Las Vegas Sun

April 16, 2024

LOOKING IN ON MOTOR SPORTS:

Flag goes up, drama unfurls

Baseball might be mired in the dog days of August, but the past two weeks have been anything but boring for motor sports fans.

The first race weekend of the month started innocently enough with NASCAR's Busch Series making its inaugural visit to Canada for a road-course race in Montreal. The race ended in confusion and controversy as two drivers - race winner Kevin Harvick and perennial bad boy Robby Gordon - performed celebratory burnouts at the start/finish line. NASCAR officials had to physically block Gordon, who had been black flagged with two laps remaining, from entering Victory Lane. Incensed by Gordon's behavior, NASCAR President Mike Helton made him sit out the Nextel Cup race the next day at Pocono Raceway.

While Gordon watched the Pocono race from the sidelines, Las Vegas native Kurt Busch posted a dominating win on the triangular course and bumped beer-car rival Dale Earnhardt Jr. out of 12th place in the points standings. Only the top 12 drivers after the Sept. 8 race will be eligible to compete for the series championship during the final 10 races of the season.

NASCAR's traveling circus stopped this past weekend in Watkins Glen, N.Y., for the Nextel Cup Series' second road-course race of the season. If the on-track action wasn't enough to keep fans glued to their television sets, Harvick and Juan Pablo Montoya provided comic relief by engaging in a half-hearted shoving match after crashing into each other late in the race.

On the track, series points leader Jeff Gordon surprised everyone - Tony Stewart included - by spinning out while leading with two laps remaining and handing the win to Stewart.

NASCAR hasn't had a monopoly in the industry this month when it comes to providing fodder for the highlight reels. Eleven days ago, IndyCar driver Dario Franchitti was involved in a spectacular crash at Michigan International Speedway in which his car became airborne before landing on another car.

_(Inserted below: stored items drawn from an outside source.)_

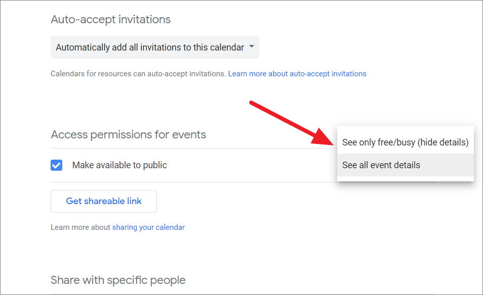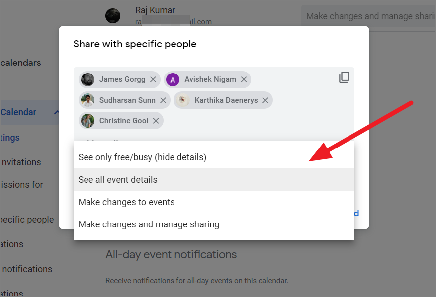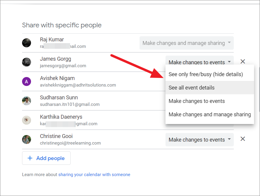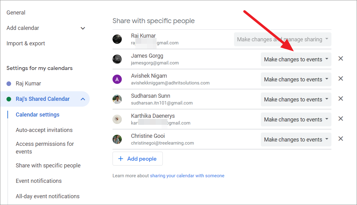 After sharing the calendar, you can change permission for individual users anytime you want. Go back to the settings of the shared calendar and click on the drop-down menu next to a specific user under the ‘Share with specific people’ section.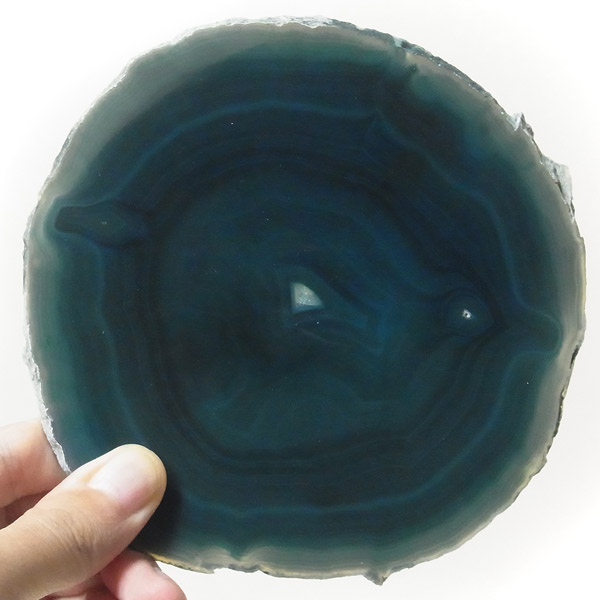 染色することにより、色の濃淡ができ、メノウの縞模様がより一層美しくなります。置物を置いたり、鉱物を置いたりのインテリアとしてや、グラスなどを置くコースターとしてもお楽しみ頂けます。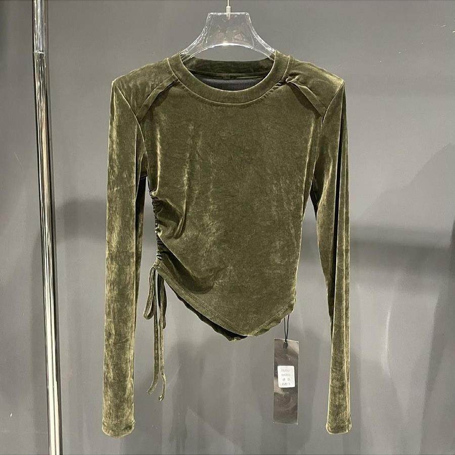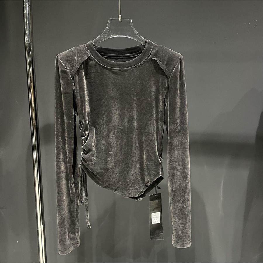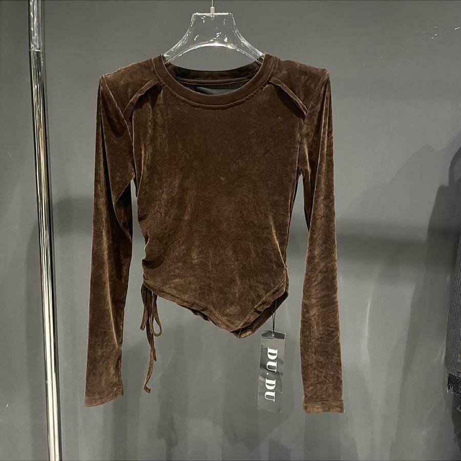 首页> 女装> 韩国不规则圆领长袖T恤女春秋新款设计感修身金丝绒抽绳短款上衣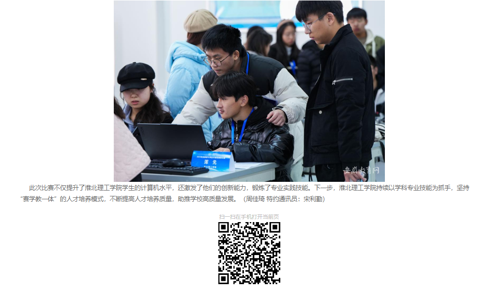 近日,安徽省大学生计算机博弈大赛(安徽省大学生学科和技能竞赛B类项目)在安徽大学举办,淮北理工学院电子与信息工程学院计算机科学与技术专业学生首次参加此项比赛,取得二等奖1项、三等奖1项的好成绩。对此,安徽教育网进行报道:
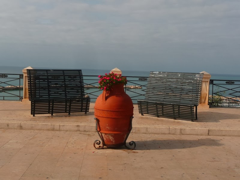 Sciacca – niby jej jeszcze nie znamy a już nam się podoba. Świetnie prezentowała się wczoraj w blasku zachodzącego słońca – dziś chcemy ją zobaczyć za dnia. Miasto położone jest na zboczu – wiele jednokierunkowych stromych ulic trzeba - uważać na skrzyżowaniach by się gdzieś nieopatrznie nie zabłąkać. Znaleźliśmy miejsce na postój tuż przed bramą wjazdową do miasta (od zachodu) chcieliśmy wjechać dalej, ale wystraszyliśmy się zony trafico – jak się później okazało niepotrzebnie (w wekeend mogliśmy tam wjechać, choć kluczenie po centrum raczej odradzam).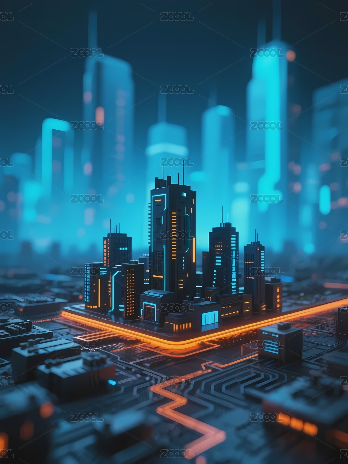 手机,城市,微型,建筑,楼房,夜景,灯光,反射,玻璃,窗户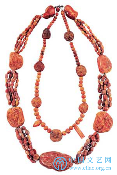契丹人崇尚琥珀,这套璎珞出土时位于驸马颈部,反映出辽代高级贵族对琥珀璎珞的喜爱。这套璎珞并不适合日常佩戴,应用于某些神圣和重要场合。璎珞由5小串257颗琥珀珠和5件琥珀浮雕饰件、 2件素面琥珀饰件以细银丝相间穿缀而成;内串69件,由60颗琥珀珠和9件圆雕、浮雕琥珀饰件以细银丝相间穿缀而成。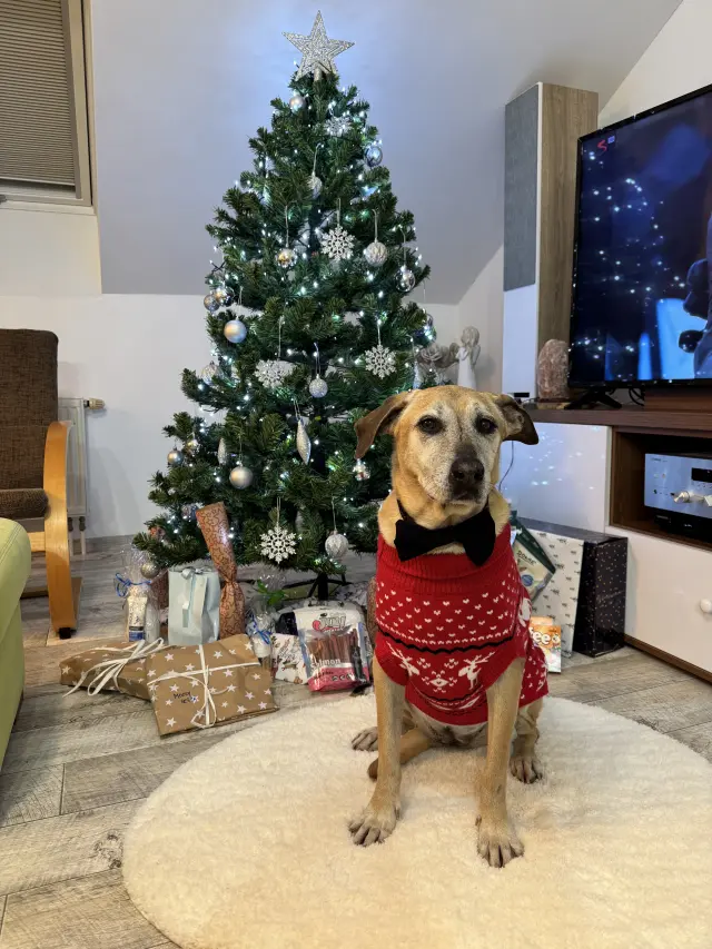 Vánoční focení moc nechápala. Ale pamlsek po něm ano.

Franchitti, the 2007 Indianapolis 500 winner, emerged from the wreck unhurt but suffered a severely bruised ego Saturday night in an eerily similar accident when he ran over another car after the checkered flag had waved in the race at Kentucky Speedway.

And to think, there still are two more race weekends this month.

Busch in a Toyota?

Kyle Busch, the Las Vegas native who announced this week he would drive for Joe Gibbs Racing in the NASCAR Nextel Cup Series beginning in 2008, likely will be behind the wheel of a Toyota next season.

JGR President J.D. Gibbs has not denied rumors the team will switch from Chevrolets to Toyotas next season, and Busch sounded an awful lot like someone who was going to be driving a Toyota next year.

"You know, I've got a lot of great friends over at Chevrolet and have developed a strong relationship with those folks," Busch said Tuesday. "Hopefully I can still have that whether or not we do decide to switch over here at Joe Gibbs Racing."

Busch said he took JGR's rumored switch to Toyota into consideration when he picked the team over Dale Earnhardt Inc., which fields Chevys.

"Do I feel like Toyota has struggled a little bit this year? Sure, I have. Do I feel like Joe Gibbs and everybody here can try to turn that around? Certainly.

"If they're looking in that direction, more power to them."

He's No. 1

Despite suffering a first-round loss Sunday in Brainerd, Minn., Rod Fuller of Las Vegas maintained the lead in the National Hot Rod Association's Top Fuel points standings heading into the final race of the regular season.

Fuller leads Brandon Bernstein by 93 points going into this weekend's race in Reading, Pa., and can clinch the No. 1 spot heading into the second stage of the "Countdown to the Championship" by winning one round during Sunday's eliminations.

Only the top eight drivers in each of the four professional categories after Sunday's race will be eligible to win a world championship.

8

Dario Franchitti's points lead over Scott Dixon with three races remaining in the IndyCar Series season.

125

Career NHRA national-event Funny Car victories for John Force, who defeated Kenny Bernstein in Sunday's final in Brainerd, Minn.

"He is showing everybody that age isn't that big a factor in this game. I'm four years younger than him and that means that if he can continue stepping on the gas like he is, so can I."

NHRA Funny Car driver John Force, 58, on fellow drag racing legend Kenny Bernstein, 62. Force beat Bernstein in the Funny Car final Sunday in Brainerd, Minn.